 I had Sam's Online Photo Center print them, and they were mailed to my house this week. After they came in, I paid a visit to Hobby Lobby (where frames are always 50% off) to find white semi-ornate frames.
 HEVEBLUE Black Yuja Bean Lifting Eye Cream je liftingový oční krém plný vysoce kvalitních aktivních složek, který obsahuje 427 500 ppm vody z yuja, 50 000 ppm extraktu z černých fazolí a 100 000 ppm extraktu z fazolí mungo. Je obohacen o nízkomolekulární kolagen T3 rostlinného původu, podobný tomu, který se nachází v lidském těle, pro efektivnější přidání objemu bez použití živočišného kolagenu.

□ □ □ □ □

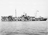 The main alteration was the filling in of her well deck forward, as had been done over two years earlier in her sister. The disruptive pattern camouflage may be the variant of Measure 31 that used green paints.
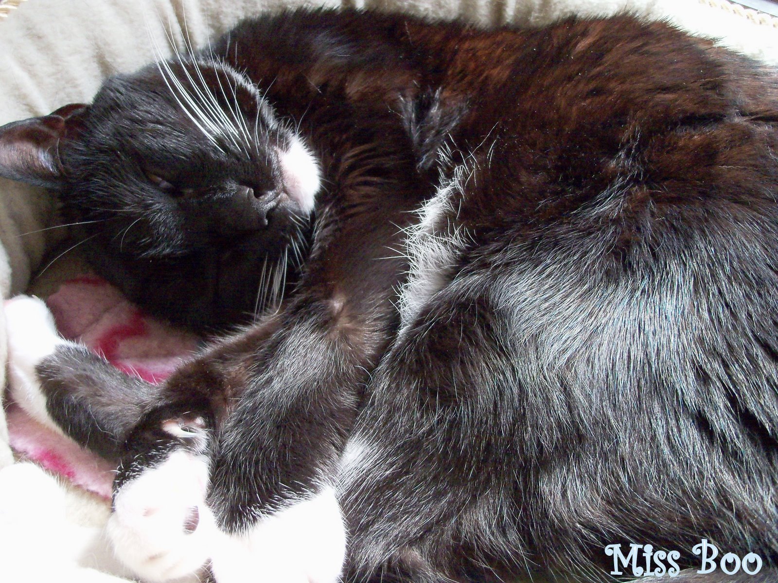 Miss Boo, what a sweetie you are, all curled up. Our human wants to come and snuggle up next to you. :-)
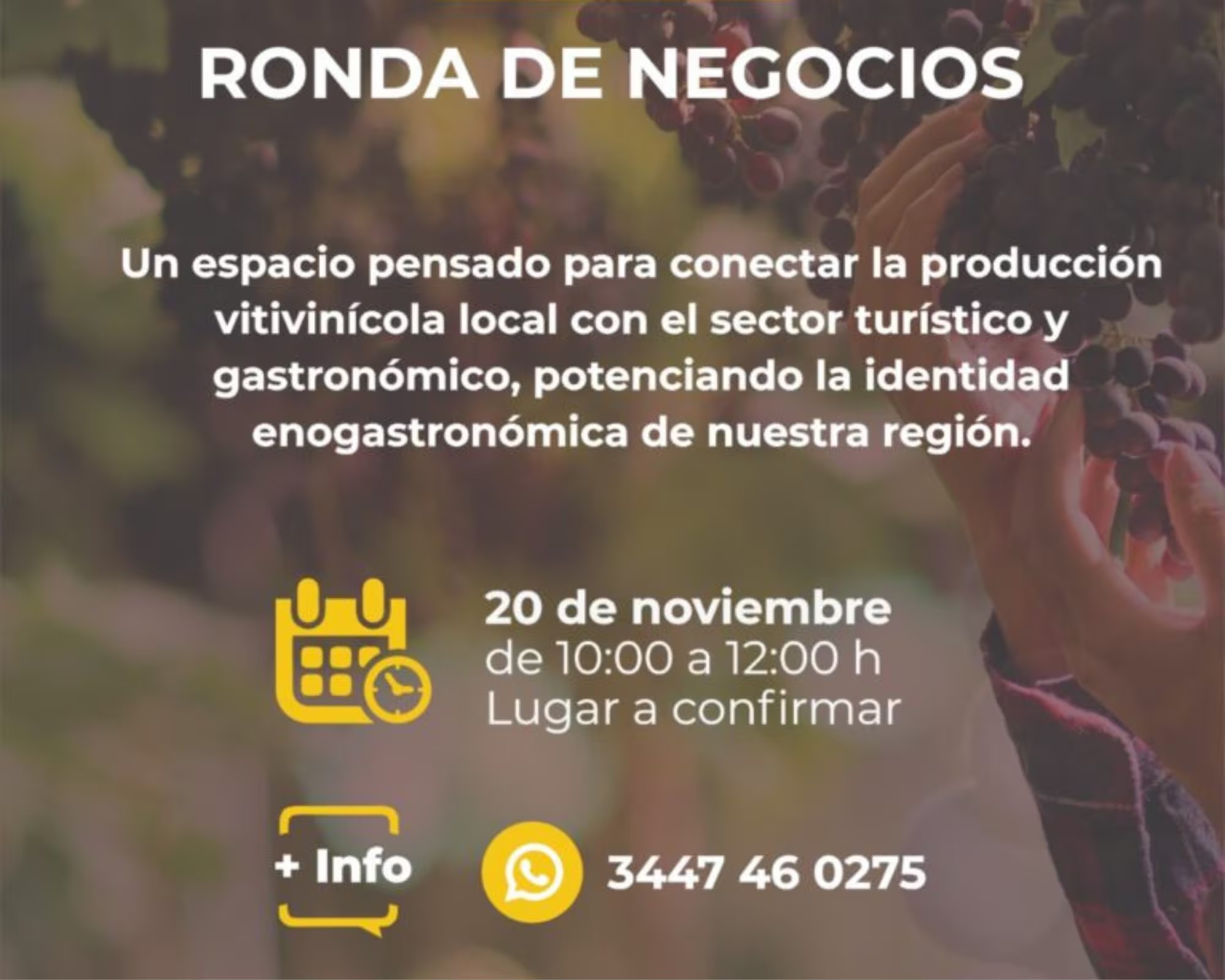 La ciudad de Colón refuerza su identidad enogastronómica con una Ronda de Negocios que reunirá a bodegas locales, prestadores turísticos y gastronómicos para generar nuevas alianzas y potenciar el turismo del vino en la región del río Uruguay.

□ □ □ □ □

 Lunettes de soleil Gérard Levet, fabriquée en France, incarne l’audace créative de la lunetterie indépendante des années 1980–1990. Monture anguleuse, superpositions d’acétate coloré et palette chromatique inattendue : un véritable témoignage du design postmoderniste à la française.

□ □ □ □ □

*TO DO*. Reproduce, character for character, only the lines of the preceding data that start at the line with "I had Sam's" and end at the line with "HEVEBLUE Black Yuja", both included.

*YOUR RESPONSE*.
 I had Sam's Online Photo Center print them, and they were mailed to my house this week. After they came in, I paid a visit to Hobby Lobby (where frames are always 50% off) to find white semi-ornate frames.
 HEVEBLUE Black Yuja Bean Lifting Eye Cream je liftingový oční krém plný vysoce kvalitních aktivních složek, který obsahuje 427 500 ppm vody z yuja, 50 000 ppm extraktu z černých fazolí a 100 000 ppm extraktu z fazolí mungo. Je obohacen o nízkomolekulární kolagen T3 rostlinného původu, podobný tomu, který se nachází v lidském těle, pro efektivnější přidání objemu bez použití živočišného kolagenu.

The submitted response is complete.